▶ [Task to complete] Entries follow. Give back exactly the lines starting at the one containing "Choose from a" and ending at the one containing "Stomach and chest", and no other lines.

━━━━━ Source information

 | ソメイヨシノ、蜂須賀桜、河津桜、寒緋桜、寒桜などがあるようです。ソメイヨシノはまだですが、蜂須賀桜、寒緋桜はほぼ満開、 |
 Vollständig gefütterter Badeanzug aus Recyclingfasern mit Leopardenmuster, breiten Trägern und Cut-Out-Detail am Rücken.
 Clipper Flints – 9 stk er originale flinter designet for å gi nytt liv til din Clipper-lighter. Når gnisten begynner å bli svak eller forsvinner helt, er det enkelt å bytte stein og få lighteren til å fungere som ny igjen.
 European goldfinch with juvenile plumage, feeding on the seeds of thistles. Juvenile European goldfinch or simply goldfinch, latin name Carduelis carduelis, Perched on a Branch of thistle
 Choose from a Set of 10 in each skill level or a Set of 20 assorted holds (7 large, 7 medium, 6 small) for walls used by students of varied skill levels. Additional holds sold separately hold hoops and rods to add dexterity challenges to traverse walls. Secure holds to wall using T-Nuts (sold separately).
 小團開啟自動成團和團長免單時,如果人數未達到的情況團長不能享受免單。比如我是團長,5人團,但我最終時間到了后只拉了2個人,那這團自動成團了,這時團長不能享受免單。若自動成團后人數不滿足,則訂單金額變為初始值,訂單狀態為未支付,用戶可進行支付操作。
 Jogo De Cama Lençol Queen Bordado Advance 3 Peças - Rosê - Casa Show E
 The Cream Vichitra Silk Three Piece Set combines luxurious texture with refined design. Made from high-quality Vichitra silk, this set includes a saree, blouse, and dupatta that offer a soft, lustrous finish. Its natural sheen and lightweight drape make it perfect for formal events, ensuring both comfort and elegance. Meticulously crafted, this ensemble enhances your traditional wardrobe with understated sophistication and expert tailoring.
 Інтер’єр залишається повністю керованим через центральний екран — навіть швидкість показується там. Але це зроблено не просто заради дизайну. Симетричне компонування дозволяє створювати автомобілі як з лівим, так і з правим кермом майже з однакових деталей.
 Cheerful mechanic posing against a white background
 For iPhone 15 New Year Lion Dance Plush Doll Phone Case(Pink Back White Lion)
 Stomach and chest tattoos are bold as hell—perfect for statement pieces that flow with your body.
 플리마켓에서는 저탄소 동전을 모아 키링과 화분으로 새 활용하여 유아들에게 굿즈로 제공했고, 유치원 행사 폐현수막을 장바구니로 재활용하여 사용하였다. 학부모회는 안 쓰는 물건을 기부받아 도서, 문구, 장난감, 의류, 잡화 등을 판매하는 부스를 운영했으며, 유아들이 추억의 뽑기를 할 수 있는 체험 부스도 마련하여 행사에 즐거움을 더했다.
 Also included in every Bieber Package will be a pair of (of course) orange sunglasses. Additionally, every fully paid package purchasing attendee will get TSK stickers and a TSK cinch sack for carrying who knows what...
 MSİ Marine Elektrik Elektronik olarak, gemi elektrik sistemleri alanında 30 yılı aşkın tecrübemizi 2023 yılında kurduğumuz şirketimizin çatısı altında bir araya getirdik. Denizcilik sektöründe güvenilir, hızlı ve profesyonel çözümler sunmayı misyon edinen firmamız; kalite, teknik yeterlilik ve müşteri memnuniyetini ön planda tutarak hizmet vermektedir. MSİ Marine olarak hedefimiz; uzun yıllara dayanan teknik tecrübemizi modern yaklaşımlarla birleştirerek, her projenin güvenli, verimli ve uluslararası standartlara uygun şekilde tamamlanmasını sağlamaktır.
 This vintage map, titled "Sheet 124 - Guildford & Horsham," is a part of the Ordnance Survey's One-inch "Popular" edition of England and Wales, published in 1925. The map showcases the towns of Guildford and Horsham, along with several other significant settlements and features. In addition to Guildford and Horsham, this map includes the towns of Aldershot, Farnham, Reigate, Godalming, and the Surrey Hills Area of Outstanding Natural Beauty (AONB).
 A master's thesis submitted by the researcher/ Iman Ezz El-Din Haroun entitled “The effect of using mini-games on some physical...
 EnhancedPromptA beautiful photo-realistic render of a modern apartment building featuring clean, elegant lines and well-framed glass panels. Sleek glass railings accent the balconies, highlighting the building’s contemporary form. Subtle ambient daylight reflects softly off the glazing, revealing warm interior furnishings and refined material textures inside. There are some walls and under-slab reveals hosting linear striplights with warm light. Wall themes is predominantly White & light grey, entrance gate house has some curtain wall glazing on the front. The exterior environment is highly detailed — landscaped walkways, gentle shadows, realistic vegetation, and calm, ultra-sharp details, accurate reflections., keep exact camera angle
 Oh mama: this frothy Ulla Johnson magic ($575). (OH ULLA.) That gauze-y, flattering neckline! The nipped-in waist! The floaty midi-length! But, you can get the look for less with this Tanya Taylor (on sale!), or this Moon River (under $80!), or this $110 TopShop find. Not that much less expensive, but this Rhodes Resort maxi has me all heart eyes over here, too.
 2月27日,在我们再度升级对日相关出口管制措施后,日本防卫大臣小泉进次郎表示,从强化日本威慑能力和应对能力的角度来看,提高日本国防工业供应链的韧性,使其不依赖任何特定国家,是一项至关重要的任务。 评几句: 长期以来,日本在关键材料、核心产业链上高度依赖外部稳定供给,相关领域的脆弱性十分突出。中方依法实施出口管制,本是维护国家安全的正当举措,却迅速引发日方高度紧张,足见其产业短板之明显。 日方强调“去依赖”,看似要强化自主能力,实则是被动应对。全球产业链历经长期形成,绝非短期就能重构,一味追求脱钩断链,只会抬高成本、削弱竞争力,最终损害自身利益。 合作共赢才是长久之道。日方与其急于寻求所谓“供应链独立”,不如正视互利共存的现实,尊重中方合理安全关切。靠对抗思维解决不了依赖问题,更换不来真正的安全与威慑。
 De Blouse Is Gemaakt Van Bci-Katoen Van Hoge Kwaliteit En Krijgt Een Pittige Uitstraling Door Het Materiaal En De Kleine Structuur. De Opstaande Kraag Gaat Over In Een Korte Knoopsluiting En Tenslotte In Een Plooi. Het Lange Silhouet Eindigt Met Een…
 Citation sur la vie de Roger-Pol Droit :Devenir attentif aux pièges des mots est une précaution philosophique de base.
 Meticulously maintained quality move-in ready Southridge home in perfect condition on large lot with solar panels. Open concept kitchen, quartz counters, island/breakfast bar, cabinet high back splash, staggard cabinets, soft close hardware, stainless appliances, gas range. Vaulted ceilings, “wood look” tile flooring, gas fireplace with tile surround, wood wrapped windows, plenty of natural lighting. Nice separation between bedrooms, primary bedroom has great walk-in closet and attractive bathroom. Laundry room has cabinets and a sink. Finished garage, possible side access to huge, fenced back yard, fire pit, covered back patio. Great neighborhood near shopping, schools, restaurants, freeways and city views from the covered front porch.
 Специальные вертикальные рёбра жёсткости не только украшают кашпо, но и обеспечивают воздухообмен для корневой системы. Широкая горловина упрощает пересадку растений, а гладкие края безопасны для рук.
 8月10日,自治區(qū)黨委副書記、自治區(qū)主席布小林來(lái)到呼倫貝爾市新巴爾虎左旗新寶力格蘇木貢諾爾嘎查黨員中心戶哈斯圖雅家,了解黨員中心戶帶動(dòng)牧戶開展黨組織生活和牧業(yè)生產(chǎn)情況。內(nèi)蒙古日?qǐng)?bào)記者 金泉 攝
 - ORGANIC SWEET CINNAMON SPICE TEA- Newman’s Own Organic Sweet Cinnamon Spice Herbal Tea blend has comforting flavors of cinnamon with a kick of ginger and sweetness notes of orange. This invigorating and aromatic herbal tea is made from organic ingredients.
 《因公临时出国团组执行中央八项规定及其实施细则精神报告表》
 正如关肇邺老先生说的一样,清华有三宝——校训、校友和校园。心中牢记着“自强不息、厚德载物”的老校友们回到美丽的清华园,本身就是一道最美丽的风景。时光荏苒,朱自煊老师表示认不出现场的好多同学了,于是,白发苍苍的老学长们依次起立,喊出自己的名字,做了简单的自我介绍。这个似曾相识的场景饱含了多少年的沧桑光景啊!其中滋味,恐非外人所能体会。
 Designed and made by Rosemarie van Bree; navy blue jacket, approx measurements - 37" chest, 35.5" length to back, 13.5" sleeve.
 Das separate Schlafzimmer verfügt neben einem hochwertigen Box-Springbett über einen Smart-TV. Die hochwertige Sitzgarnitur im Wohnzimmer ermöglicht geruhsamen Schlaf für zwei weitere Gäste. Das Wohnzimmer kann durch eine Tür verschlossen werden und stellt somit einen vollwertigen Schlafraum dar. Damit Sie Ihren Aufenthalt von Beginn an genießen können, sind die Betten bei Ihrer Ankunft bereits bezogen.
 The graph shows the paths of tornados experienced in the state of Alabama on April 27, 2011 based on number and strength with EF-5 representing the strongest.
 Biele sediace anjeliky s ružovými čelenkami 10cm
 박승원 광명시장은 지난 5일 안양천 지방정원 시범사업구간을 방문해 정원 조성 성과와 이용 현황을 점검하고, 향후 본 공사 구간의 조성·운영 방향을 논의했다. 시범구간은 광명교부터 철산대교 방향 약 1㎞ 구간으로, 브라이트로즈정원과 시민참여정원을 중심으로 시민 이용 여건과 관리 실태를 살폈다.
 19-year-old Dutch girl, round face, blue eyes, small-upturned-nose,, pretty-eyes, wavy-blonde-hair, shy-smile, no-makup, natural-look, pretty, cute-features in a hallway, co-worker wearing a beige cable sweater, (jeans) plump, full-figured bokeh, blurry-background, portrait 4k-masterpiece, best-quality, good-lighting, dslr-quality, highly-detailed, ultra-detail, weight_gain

━━━━━━━━━━

▶ [Completed exercise]
 Choose from a Set of 10 in each skill level or a Set of 20 assorted holds (7 large, 7 medium, 6 small) for walls used by students of varied skill levels. Additional holds sold separately hold hoops and rods to add dexterity challenges to traverse walls. Secure holds to wall using T-Nuts (sold separately).
 小團開啟自動成團和團長免單時,如果人數未達到的情況團長不能享受免單。比如我是團長,5人團,但我最終時間到了后只拉了2個人,那這團自動成團了,這時團長不能享受免單。若自動成團后人數不滿足,則訂單金額變為初始值,訂單狀態為未支付,用戶可進行支付操作。
 Jogo De Cama Lençol Queen Bordado Advance 3 Peças - Rosê - Casa Show E
 The Cream Vichitra Silk Three Piece Set combines luxurious texture with refined design. Made from high-quality Vichitra silk, this set includes a saree, blouse, and dupatta that offer a soft, lustrous finish. Its natural sheen and lightweight drape make it perfect for formal events, ensuring both comfort and elegance. Meticulously crafted, this ensemble enhances your traditional wardrobe with understated sophistication and expert tailoring.
 Інтер’єр залишається повністю керованим через центральний екран — навіть швидкість показується там. Але це зроблено не просто заради дизайну. Симетричне компонування дозволяє створювати автомобілі як з лівим, так і з правим кермом майже з однакових деталей.
 Cheerful mechanic posing against a white background
 For iPhone 15 New Year Lion Dance Plush Doll Phone Case(Pink Back White Lion)
 Stomach and chest tattoos are bold as hell—perfect for statement pieces that flow with your body.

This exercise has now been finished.